Hacker News new | past | comments | ask | show | jobs | submit login
Launch HN: Batch (YC S20) – Replays for event-driven systems
154 points by dsies on Aug 17, 2020 | hide | past | favorite | 58 comments
Hello HN!

We are Ustin and Daniel, co-founders of Batch (https://batch.sh) - an event replay platform. You can think of us as version control for data passing through your messaging systems. With Batch, a company is able to go back in time, see what data looked like at a certain point and if it makes sense, replay that piece of data back into the company's systems.

This idea was born out of getting annoyed by what an unwieldy blackbox Kafka is. While many folks use Kafka for streaming, there is an equal number of Kafka users that use it as a traditional messaging system. Historically, these systems have offered very poor visibility into what's going on inside them and offer (at best) a poor replay experience. This problem is prevalent pretty much across every messaging system. Especially if the messages on the bus are serialized, it is almost guaranteed that you will have to write custom, one-off scripts when working with these systems.

This "visibility" pain point is exacerbated tenfold if you are working with event driven architectures and/or event sourcing - you must have a way to search and replay events as you will need to rebuild state in order to bring up new data stores and services. That may sound straightforward, but it's actually really involved. You have to figure out how and where to store your events, how to serialize them, search them, play them back, and how/when/if to prune, delete or archive them.

Rather than spending a ton of money on building such a replay platform in-house, we decided to build a generic one and hopefully save everyone a bunch of time and money.
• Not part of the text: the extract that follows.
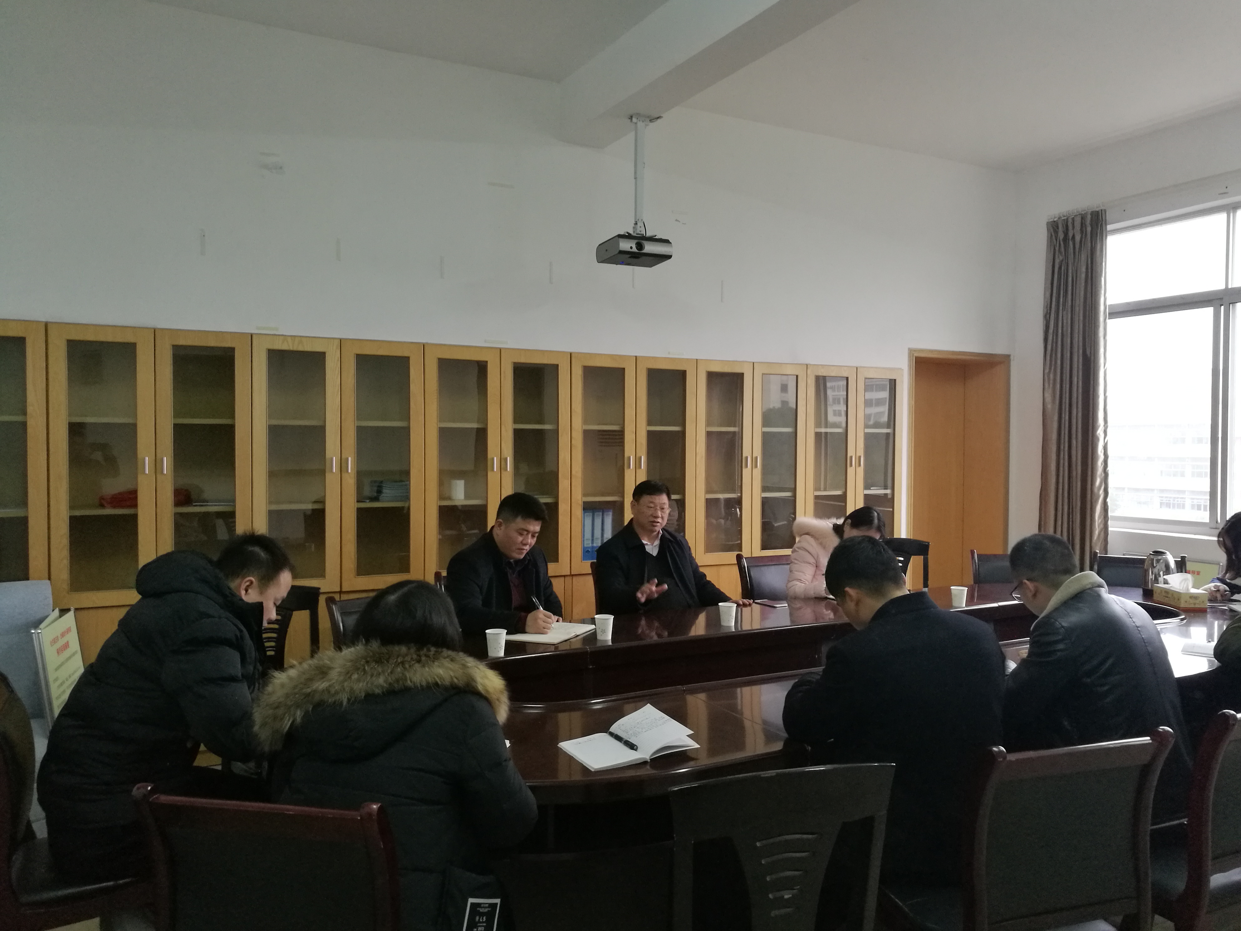 12月26日上午,校学工部部长唐华山一行三人来学院就“左岸·心情”特色成长辅导室建设情况进行调研及座谈。学院副院长刘小文、党总支副书记任学兵及全院辅导员参加。

We are 100% believers in "buy" (vs "build") - companies should focus on building their core product and not waste time on sidequests. We've worked on these systems before at our previous gigs and decided to put our combined experience into building Batch.

A friend of mine shared this bit of insight with me (that he heard from Dave Cheney, I think?) - "Is this what you want to spend your innovation tokens on?" (referring to building something in-house) - and the answer is probably... no. So this is how we got here!

In practical terms, we give you a "connector" (in the form of a Docker image) that hooks into your messaging system as a consumer and begins copying all data that it sees on a topic/exchange to Batch. Alternatively, you can pump data into our platform via a generic HTTP or gRPC API. Once the messages reach Batch, we index them and write them to a long-term store (we use https://www.elassandra.io). At that point, you can use either our UI or HTTP API to search and replay a subset of the messages to an HTTP destination or into another messaging system.

Right now, our platform is able to ingest data from Kafka, RabbitMQ and GCP PubSub, and we've got SQS on the roadmap. Really, we're cool with adding support for whatever messaging system you need as long as it solves a problem for you.

One super cool thing is that if you are encoding your events in protobuf, we are able to decode them upon arrival on our platform, so that we can index them and let you search for data within them. In fact, we think this functionality is so cool that we really wanted to share it - surely there are other folks that need to quickly read/write encoded data to various messaging systems. We wrote https://github.com/batchcorp/plumber for that purpose. It's like curl for messaging systems and currently supports Kafka, RabbitMQ and GCP PubSub. It's a port from an internal tool we used when interacting with our own Kafka and RabbitMQ instances.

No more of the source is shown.